Analyzing where Bo Horvat fits in with the New York Islanders

The New York Islanders pulled off a stunner Monday afternoon, acquiring Vancouver Canucks captain Bo Horvat for Anthony Beauvillier, Aatu Raty and a conditional first-round draft pick.

On pace to score a career-high 52 goals, Horvat provides the Islanders with a much-needed infusion of offence. Despite winning their past two games, the Islanders are 3-7-3 since Jan. 5, averaging 1.69 goals per game over that span. Overall, they rank 25th in actual (2.85) and expected (2.72) goals per game.

New York’s top scorers have disappeared for long stretches. Brock Nelson, who shared the team lead in goals (19) before Horvat’s arrival, has four in his past 20 games. Mathew Barzal went goalless in 10 consecutive games before scoring in the Islanders’ most recent outing.

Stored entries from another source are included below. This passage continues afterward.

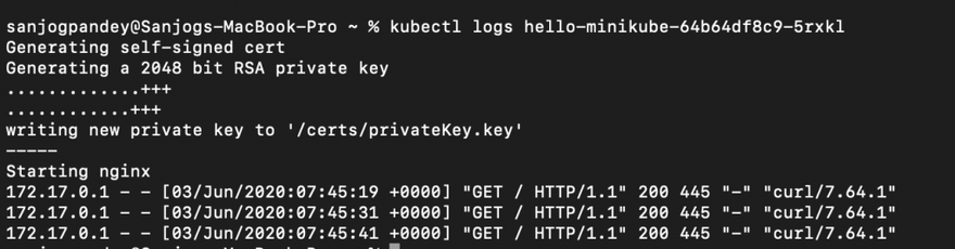 The HTTP request has made via your Kubernetes Service. And once you check your logs, you will see the following,
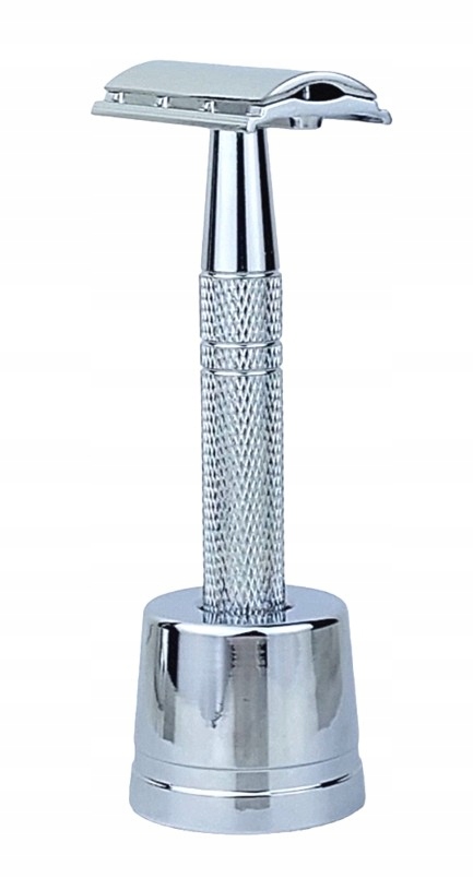 Традиционная металлическая бритва с лезвиями MAG-S на подставке
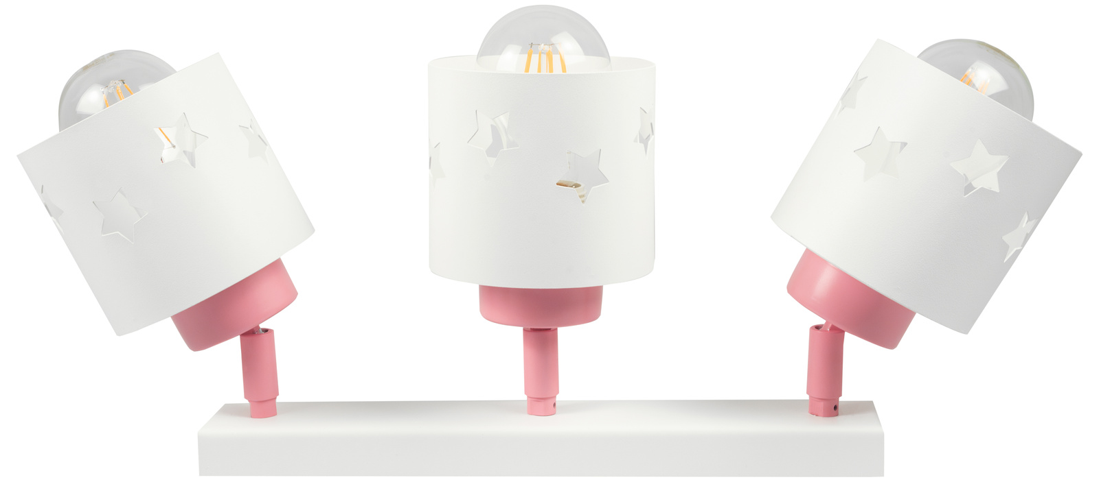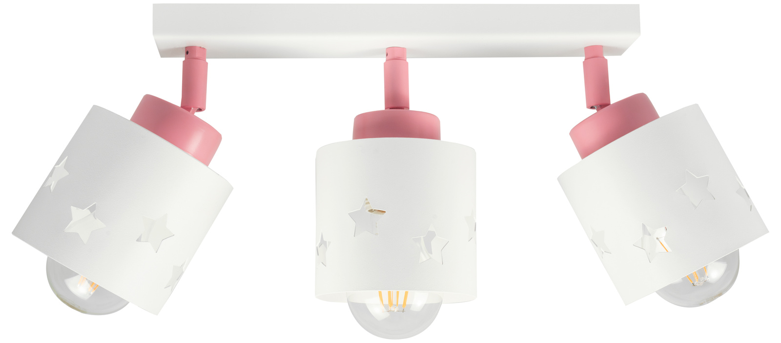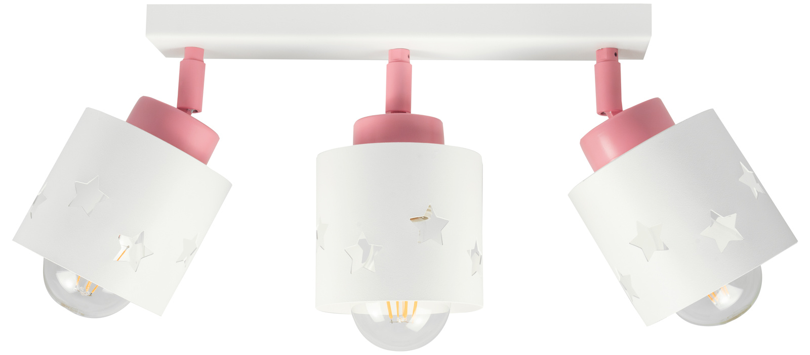 Listwa sufitowa LUNARI z trzema kloszami to idealny sposób, aby wprowadzić do pokoju dziecka nutę przytulności i delikatnej dekoracji. Jej klasyczna biel, przełamana pastelowym różem, wprowadza do wnętrza pogodny nastrój, a starannie wycięte gwiazdki na kloszach nadają lampie wyjątkowego charakteru.
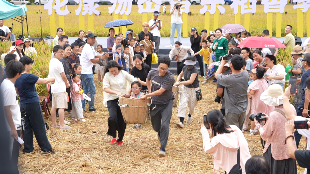 活动现场,农耕体验项目格外引人注目。捣年糕体验区米香四溢,现捣现蒸的年糕让游客们过足了嘴瘾;古法打谷场上,稻穗在脱粒机中颗颗归仓,生动展现着农耕智慧的传承。游客们在亲身参与中,更加体会到“粒粒皆辛苦”的深刻含义。随后的“运粮大赛”将全场气氛推向高潮。家长们将孩子抱进竹筐,抬起并奋力奔向终点,紧张又充满趣味的比赛引得观众笑声、呐喊声不断。
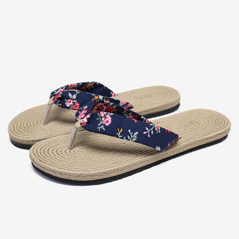 Womens Clip Toe Floral Massasjesåler Beach Flats Sandaler
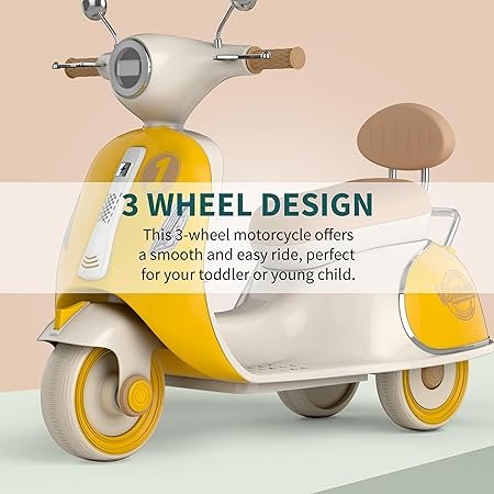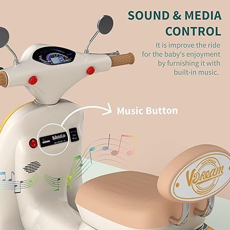 Battery Operated Vintage Scooter for Girls and Boys with Music Wide Seat

Horvat, meanwhile, has not gone longer than four games without a goal this season. He thrives in high-traffic areas, scoring 18 of his 31 goals from the inner slot and leading the NHL with 10 deflection goals.

Islanders general manager Lou Lamoriello pointed to the team’s miserable power play, which is mired in a 3-for-50 slump and ranks 31st in the league, as a reason for the trade.

Horvat has taken (197) and won (127) more offensive-zone faceoffs on the power play than any other player — a rate of 64.5 per cent. The Islanders have won 54.8 per cent of their offensive-zone faceoffs on the power play, 19th in the league. Forty of Horvat’s faceoff wins have led to shots on net before the puck leaves the zone, the same amount the Islanders have as a team this season.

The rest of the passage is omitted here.